Reputation: 8709
I have a CSV file which has the following format:
id,case1,case2,case3
Here is a sample:
123,null,X,Y
342,X,X,Y
456,null,null,null
789,null,null,X
For each line I need to know which of the cases is not null. Is there an easy way to find out which case(s) are not null without splitting the string and going through each element?
This is what the result should look like:
123,case2:case3
342,case1:case2:case3
456:None
789:case3
Upvotes: 0
Views: 367
Reputation: 9094
Anyway you slice it, you are still going to have to go through the list. There are more and less elegant ways to do it. Depending on the python version you are using, you can use list comprehensions.
ids=line.split(",")
print "%s:%s" % (ids[0], ":".join(["case%d" % x for x in range(1, len(ids)) if ids[x] != "null"])
Upvotes: 1
Reputation: 71464
You probably want to take a look at the CSV module, which has readers and writers that will enable you to create transforms.

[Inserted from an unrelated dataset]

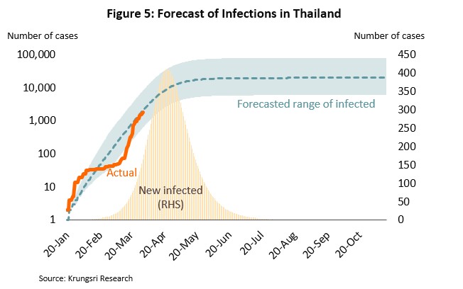 We estimate the number of infections in Thailand will peak in April, but the outbreak would last until May. Hence, we assumed tourist arrivals would remain weak, domestic economic activity would be limited, and there would be stricter containment measures for at least the next 2 months. The SIR model suggests the number of infections in Thailand would reach almost 20,000 within that period. But if the containment measures are insufficient, the number could reach 80,000. The model suggests the domestic outbreak would peak in the second half of April and would be contained by end May.
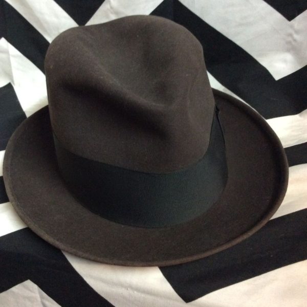 VINTAGE RIO BRAVO WOOL FEDORA WIDE BRIMMED HAT WITH LARGE FEATHER CENTER PIECE

>>> from StringIO import StringIO
>>> from csv import DictReader
>>> fh = StringIO("""
... id,case1,case2,case3
...
... 123,null,X,Y
...
... 342,X,X,Y
...
... 456,null,null,null
...
... 789,null,null,X
... """.strip())
>>> dr = DictReader(fh)
>>> dr.next()
{'case1': 'null', 'case3': 'Y', 'case2': 'X', 'id': '123'}
At which point you can do something like:
>>> from csv import DictWriter
>>> out_fh = StringIO()
>>> writer = DictWriter(fh, fieldnames=dr.fieldnames)
>>> for mapping in dr:
... writer.write(dict((k, v) for k, v in mapping.items() if v != 'null'))
...
The last bit is just pseudocode -- not sure dr.fieldnames
is actually a property. Replace out_fh
with the filehandle that you'd like to output to.
Upvotes: 2
Reputation: 3852
You could use the Python csv module, comes in with the standard installation of python... It will not be much
easier, though...
Upvotes: 0
Reputation: 24271
Why do you treat spliting as a problem? For performance reasons?
Literally you could avoid splitting with smart regexps (like:
\d+,null,\w+,\w+
\d+,\w+,null,\w+
...
but I find it a worse solution than reparsing the data into lists.
Upvotes: 0